Exercise - Would you print out all of the data exactly and keep the pictures out of it?

Collected data -
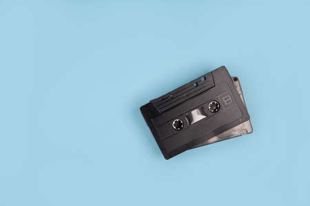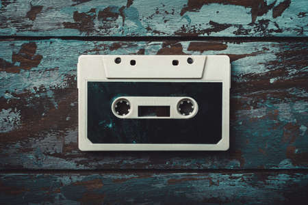 Old casette tape from top view composition. Retro styled photo.
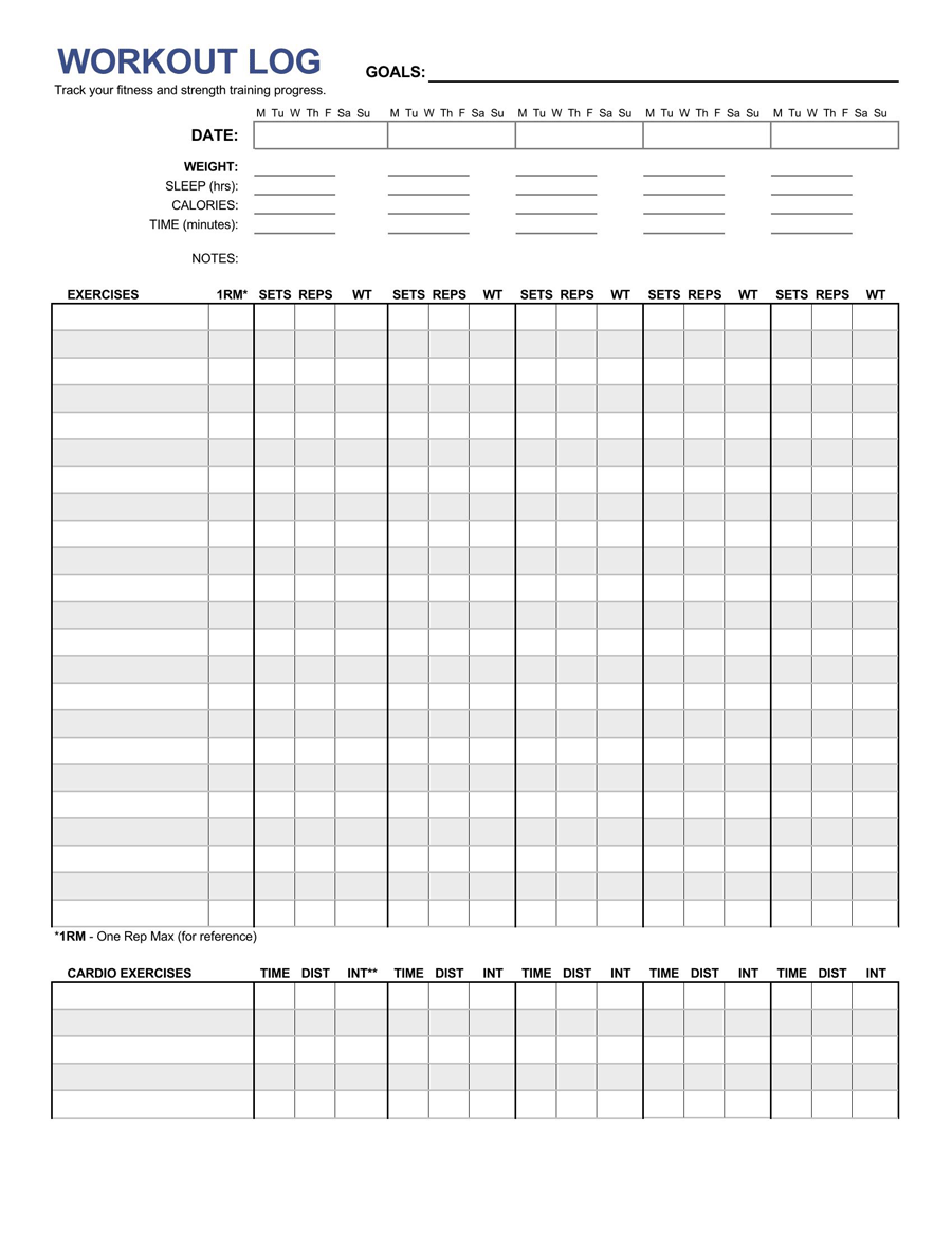 Free Printable Workout Log | Exercise Training Logs There are a number of free printable workout and exercise logs available on the Internet, as well as some excellent exercise logs that can be purchased at your local bookstore. However, after taking a look at the dozens of free blank exercise log sheets available on the web, I generally found that they didnt treat exercise holistically enough.
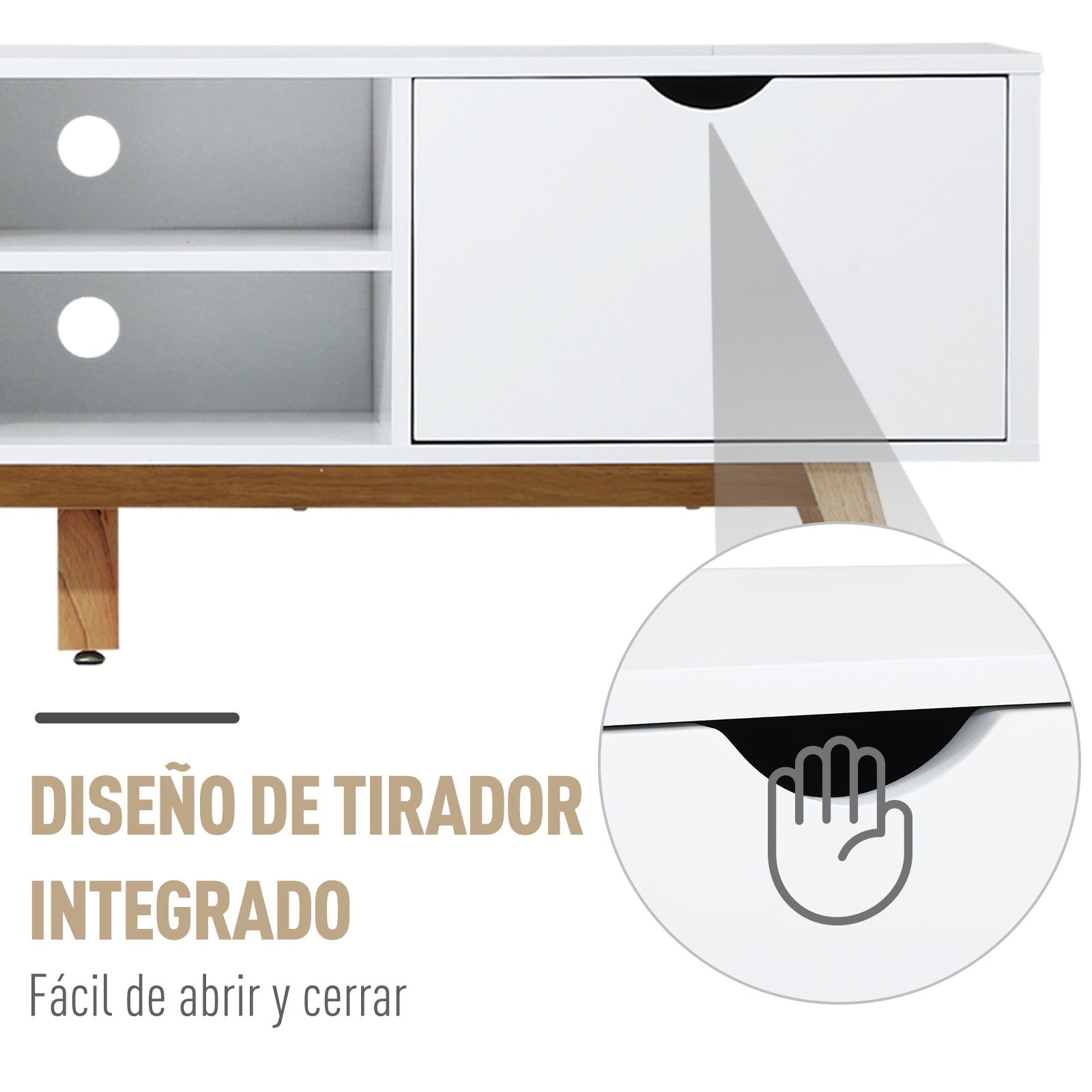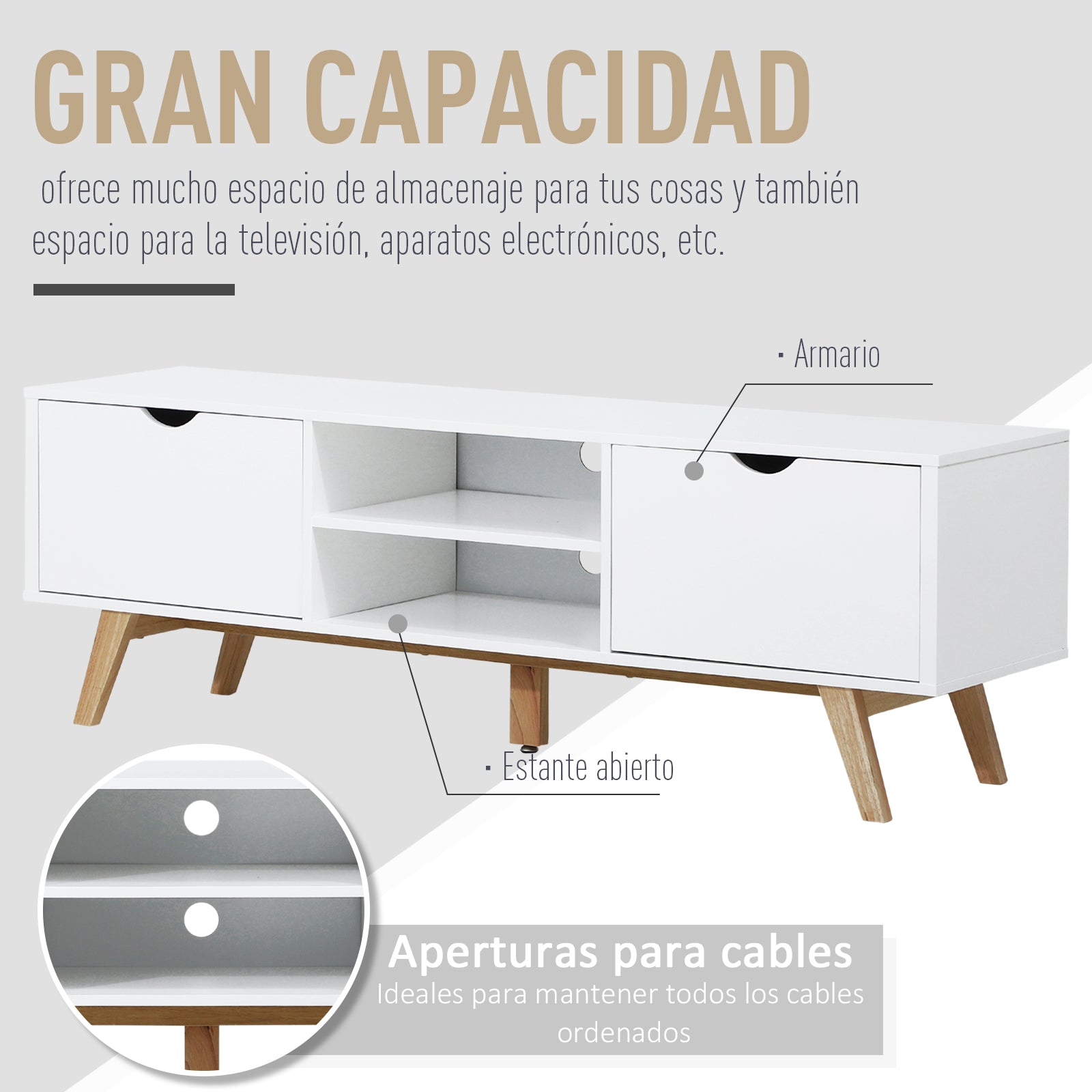 Modernize a sua sala de estar com o Móvel de TV Minimalista em branco e madeira, perfeito para televisores de até 65 polegadas.
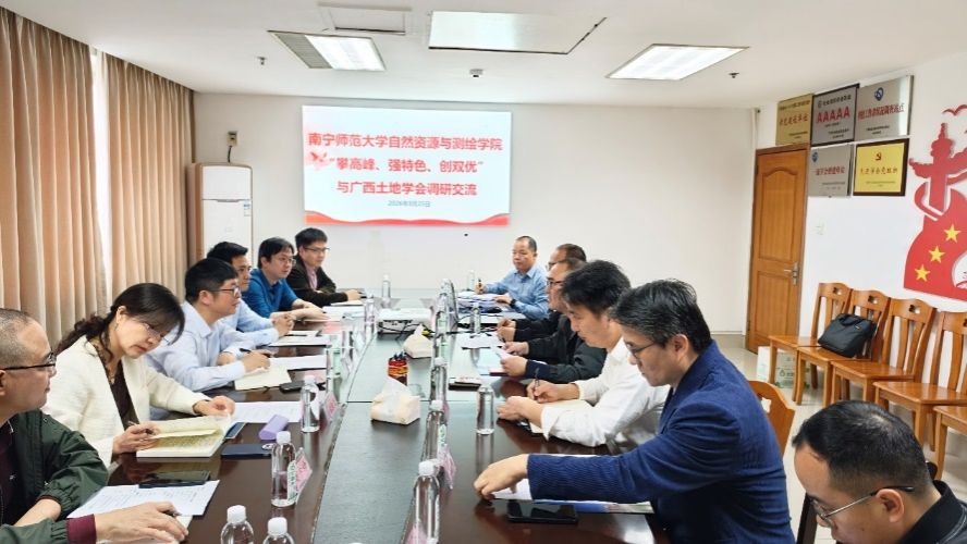 3月23日上午,调研团队赴广西土地学会开展调研,与学会钟德超理事长、王家帮秘书长等有关领导及5家相关单位和行业企业负责人深入交流,围绕自然资源行业发展趋势、校企协同育人路径等内容交换意见,进一步明确了学院学科发展与人才培养的核心方向。

Answer section -
 Old casette tape from top view composition. Retro styled photo.
 Free Printable Workout Log | Exercise Training Logs There are a number of free printable workout and exercise logs available on the Internet, as well as some excellent exercise logs that can be purchased at your local bookstore. However, after taking a look at the dozens of free blank exercise log sheets available on the web, I generally found that they didnt treat exercise holistically enough.
 Modernize a sua sala de estar com o Móvel de TV Minimalista em branco e madeira, perfeito para televisores de até 65 polegadas.
 3月23日上午,调研团队赴广西土地学会开展调研,与学会钟德超理事长、王家帮秘书长等有关领导及5家相关单位和行业企业负责人深入交流,围绕自然资源行业发展趋势、校企协同育人路径等内容交换意见,进一步明确了学院学科发展与人才培养的核心方向。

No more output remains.